Надзиратель: И то, - обвал. Вишь, как его задавило, чуть цепь видно. Отрывать тут не к чему. Кровля, вон какая ненадежная, руды настоящей давно нет, а мертвому, не все ли равно где лежать.
1 мастер: отмаялся человек. Чем ему поможешь.
Надзиратель: Задавило. Барин, того, Соленного-то, которого ты пороть велел.
Турчанинов: Это, его сам бог наказал.
2 мастер: Хороший парень был. Немного таких осталось.
Рассказчик: Наелся, напился Андрюха, ящеркам поклонился да и говорит.
Андрюха: Теперь не худо бы барину Турчанинову за соль спасибо сказать. Подарочек сделать, чтоб до слез чихнул. Схожу по потемкам на рудник. Может, повидаю кого, узнаю, как у них там и в заводе что.

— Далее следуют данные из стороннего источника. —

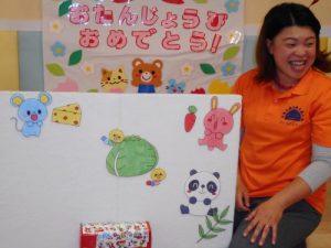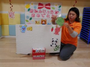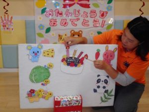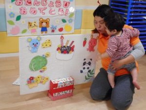 今回のお誕生日会は1才になった0歳児クラスのお友達のお祝いでした♪

Рассказчик: Выбрался в гору. Пошел потихоньку. Подобрался к руднику, за вересовым кустом притаился.
Андрюха: Михайло! Иди-ка поближе.
1 мастер: Кому надо?
Андрюха: Иди, говорю, ближе.
1 мастер: Ой, батюшки, покойник! Ой, покойник! Андрюху Соленного видел! Как есть такой показался, как до рудника был! Вон за тем кустом вересовым.

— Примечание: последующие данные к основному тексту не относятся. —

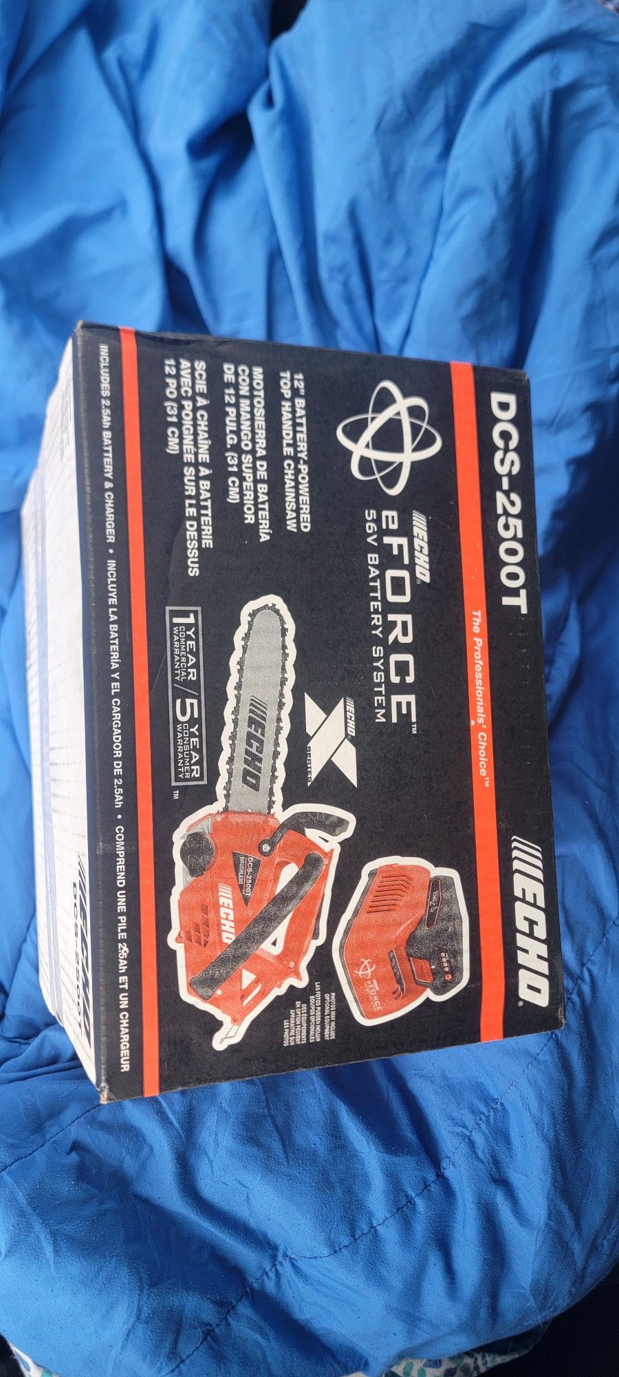 New ECHO 56V 12 in. X Series Chainsaw with 2.5 Battery and Charger DCS-2500T

Андрюха: Вишь гул-то поднялся. Покажись, зря-то, а мало ли кто в народе случится.
Рассказчик: Он и отошел подальше в лес. Обошел Гумешки лесом да ночью прямо на медный завод. Увидели его там - перепугались. Побросали все да кто куда. Надзиратель с перепугу на крышу залез... Андрюха и походил у печей-то... Все наглухо заморозил да к барину. Только барин накрепко заперся в доме.

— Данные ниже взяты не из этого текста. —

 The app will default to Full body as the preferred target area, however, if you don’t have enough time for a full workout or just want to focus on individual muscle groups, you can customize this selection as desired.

На другой день в заводе суматоха. Шутка ли все печи погашены. Барин слезами ревет. Велел отрыть задавленного и попам отдать, - пущай, дескать, хорошенько захоронят, по всем правилам, чтоб не встал больше.
Разобрали обвал, а там тела-то и нет. Сказали барину - сейчас перемена вышла.
Турчанинов: Поймать, коли живой!
Рассказчик: Всех своих стражников - прислужников нарядил в лес обыскивать. Андрюха видит - со всех сторон бегут... Нажал на камень, да и туда. Стражники-прислужники подбежали - никого нет. Куда девался? Давай на тот камень напирать. Пыхтят- стараются. Ну, разве его сдвинешь? Одумались маленько, страх опять на них напал.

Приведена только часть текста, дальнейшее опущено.